MISCELLANEOUS Questions

  1. Why were the scientists not able to observe most of the cell organelles before 1940?
  2. What is the function of the cell wall?
  3. Why are lysosomes called digestive bags or suicide bags?
  4. Why are peroxisomes mostly found in kidney and liver cells?
  5. Why are mitochondria also called ‘The Power House of cell’?
  6. There would be no plant life if chloroplasts did not exist. Justify.
  7. Why is the Golgi apparatus called the secretory organelle of the cell?
  8. Why is variation not possible in mitotic division of cells?
  9. The daughter cell of meiotic division is different from the parent cells.
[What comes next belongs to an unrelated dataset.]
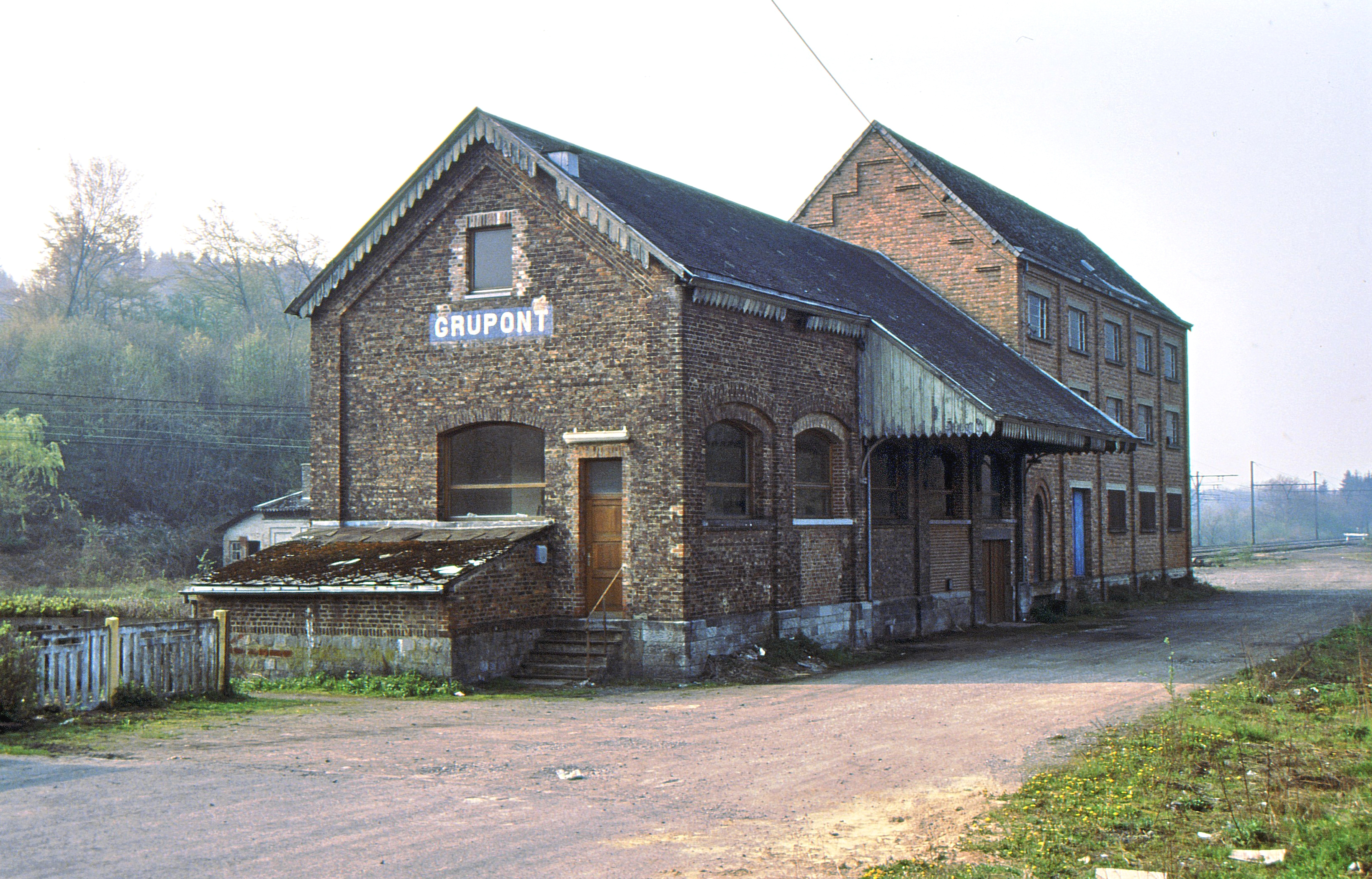 Grupont train station
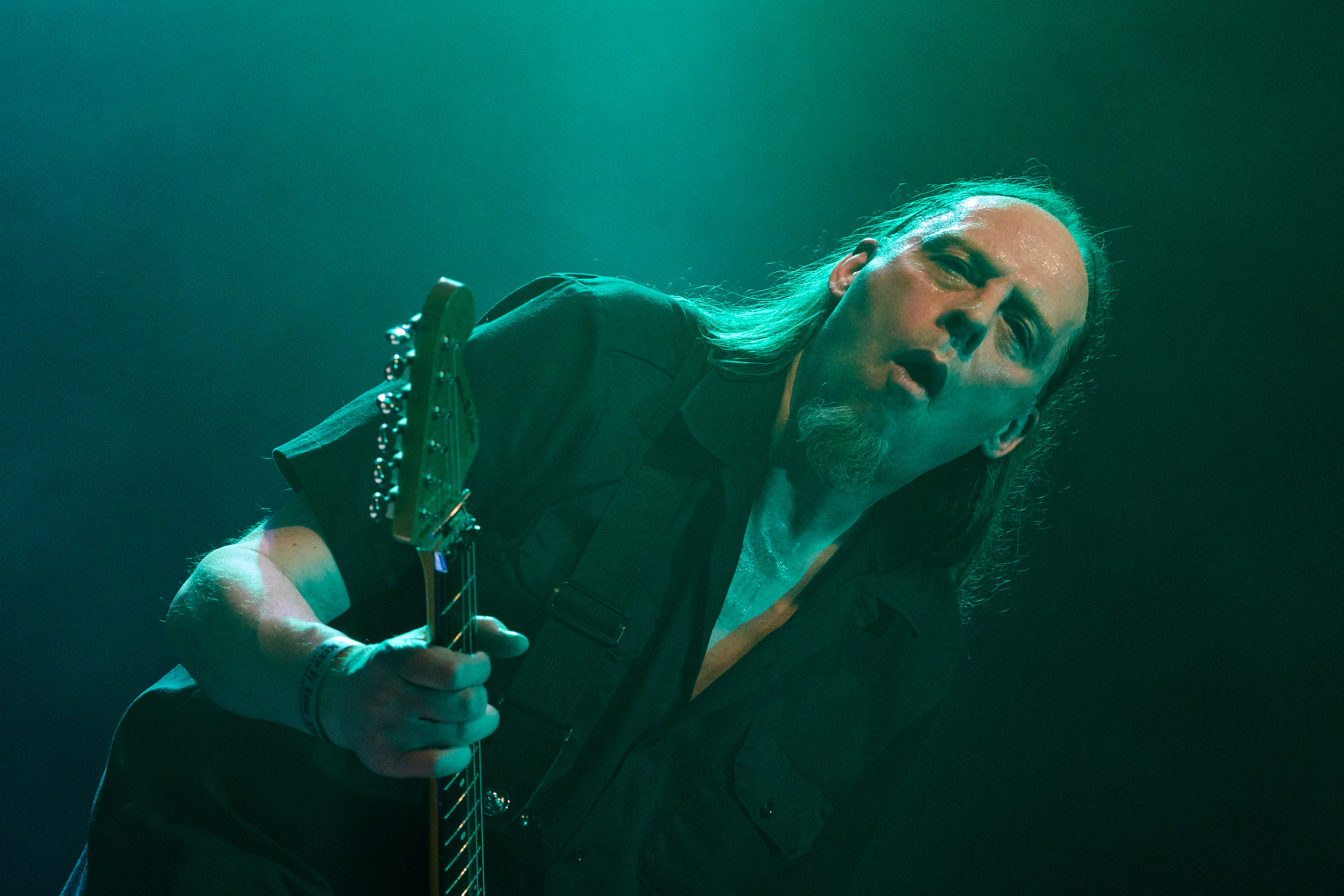 British band Candlemass at Hammer of Doom Festival, Würzburg, Posthalle, 21.11.2015 Festivalsommer This photo was created with the support of donations to Wikimedia Deutschland in the context of the CPB project "Festival Summer". Personality rights warning Although this work is freely licensed or in the public domain, the person(s) shown may have rights that legally restrict certain re-uses unless those depicted consent to such uses. In these cases, a model release or other evidence of consent could protect you from infringement claims.

Explain.
  10. Differentiate between smooth and rough endoplasmic reticulum.
  11. Give the importance of cristae in mitochondria.
  12. Give one similarity and one dissimilarity between plastids and mitochondria.
  13. In many plant cells the nucleus and other cell organelles are pushed near the boundary walls.
    Explain.
  14. Differentiate between the cell of an elephant and a plant cell (2 differences).
  15. During cell division, the number of chromosomes in a cell becomes half of what it was
    initially. What type of cell is it? Name the type of cell division.
  16. Why does not a child exactly resemble his father or mother?
  17. Identify the diagrams given below. To which stage of mitosis do they belong? Give reasons.
  18. In which phase of cell division do the following occur:
    a) Disappearance of nuclear envelope
    b) Development of spindle
    c) Reappearance of nuclear membrane
    d) Reorganization of nucleus at the poles of the dividing cells
  19. Give two characteristics unique to meiotic division.
  20. Name two components that the cell membrane encloses.
  21. What are the two types of endoplasmic reticulum (ER)?
  22. Define the endoplasmic reticulum.
  23. What is the cell theory? Who proposed it? When?
  24. What are lysosomes?
  25. What are peroxisomes?
  26. Name the important function of peroxisomes.
  27. What is the difference between vacuoles of plant and animal cells?
  28. When and how is the cell plate formed?
  29. In meiosis, why is a reduction in number of chromosomes necessary in the germ cell?
  30. Give two differences between Meiosis and Mitosis.